--- INSTRUCTIONS TO FOLLOW ---
Keep the pictures out, and restate the listing that follows exactly as written.

--- INFORMATION PROVIDED ---
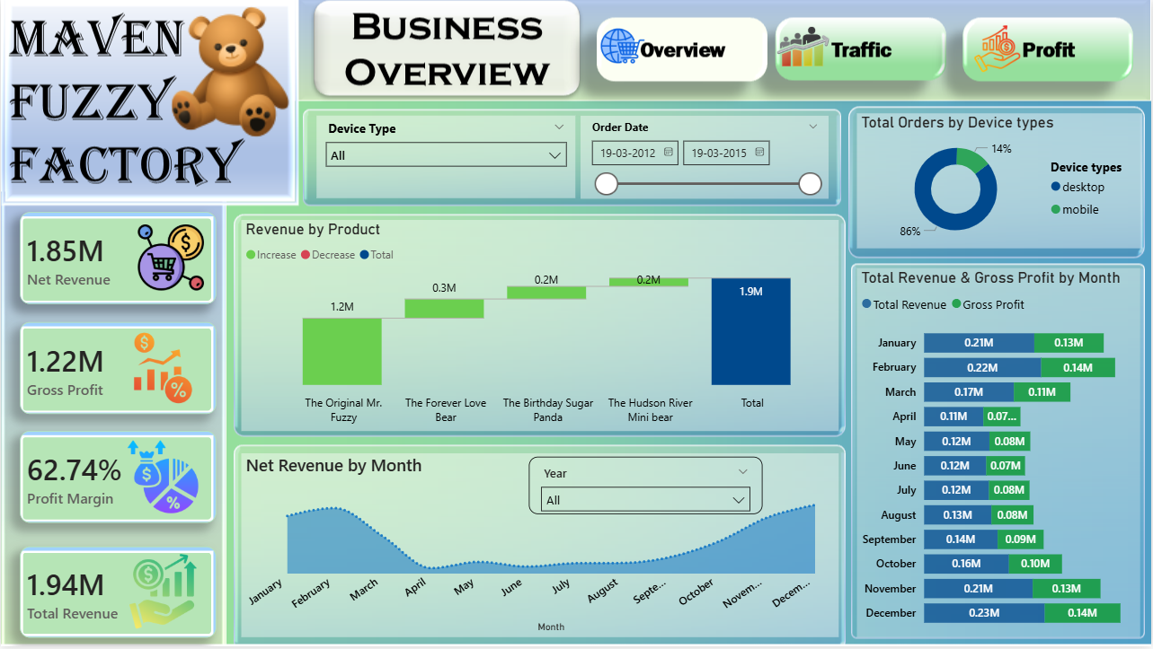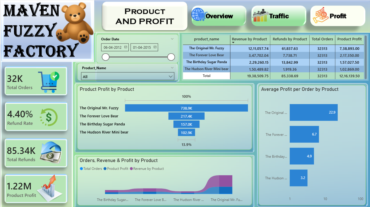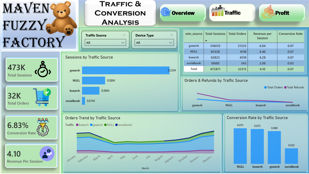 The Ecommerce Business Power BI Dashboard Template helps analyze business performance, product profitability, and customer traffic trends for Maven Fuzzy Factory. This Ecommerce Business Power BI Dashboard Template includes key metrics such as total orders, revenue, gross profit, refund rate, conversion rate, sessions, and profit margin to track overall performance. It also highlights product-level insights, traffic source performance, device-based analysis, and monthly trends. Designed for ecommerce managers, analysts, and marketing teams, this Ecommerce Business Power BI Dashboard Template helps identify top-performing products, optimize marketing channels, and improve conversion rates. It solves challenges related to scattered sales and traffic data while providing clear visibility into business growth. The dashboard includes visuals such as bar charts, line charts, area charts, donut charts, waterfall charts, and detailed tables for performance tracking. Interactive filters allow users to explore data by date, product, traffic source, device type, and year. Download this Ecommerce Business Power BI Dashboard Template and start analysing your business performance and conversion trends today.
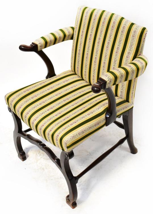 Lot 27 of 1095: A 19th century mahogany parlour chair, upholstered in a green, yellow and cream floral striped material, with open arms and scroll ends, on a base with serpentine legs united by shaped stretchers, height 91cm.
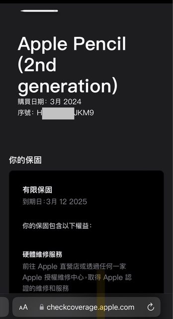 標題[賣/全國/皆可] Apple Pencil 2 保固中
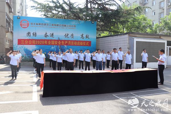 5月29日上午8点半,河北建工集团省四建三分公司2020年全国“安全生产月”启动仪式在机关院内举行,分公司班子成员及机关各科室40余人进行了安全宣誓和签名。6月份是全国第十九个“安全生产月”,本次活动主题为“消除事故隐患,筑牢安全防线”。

--- TASK RESULT ---
 The Ecommerce Business Power BI Dashboard Template helps analyze business performance, product profitability, and customer traffic trends for Maven Fuzzy Factory. This Ecommerce Business Power BI Dashboard Template includes key metrics such as total orders, revenue, gross profit, refund rate, conversion rate, sessions, and profit margin to track overall performance. It also highlights product-level insights, traffic source performance, device-based analysis, and monthly trends. Designed for ecommerce managers, analysts, and marketing teams, this Ecommerce Business Power BI Dashboard Template helps identify top-performing products, optimize marketing channels, and improve conversion rates. It solves challenges related to scattered sales and traffic data while providing clear visibility into business growth. The dashboard includes visuals such as bar charts, line charts, area charts, donut charts, waterfall charts, and detailed tables for performance tracking. Interactive filters allow users to explore data by date, product, traffic source, device type, and year. Download this Ecommerce Business Power BI Dashboard Template and start analysing your business performance and conversion trends today.
 Lot 27 of 1095: A 19th century mahogany parlour chair, upholstered in a green, yellow and cream floral striped material, with open arms and scroll ends, on a base with serpentine legs united by shaped stretchers, height 91cm.
 標題[賣/全國/皆可] Apple Pencil 2 保固中
 5月29日上午8点半,河北建工集团省四建三分公司2020年全国“安全生产月”启动仪式在机关院内举行,分公司班子成员及机关各科室40余人进行了安全宣誓和签名。6月份是全国第十九个“安全生产月”,本次活动主题为“消除事故隐患,筑牢安全防线”。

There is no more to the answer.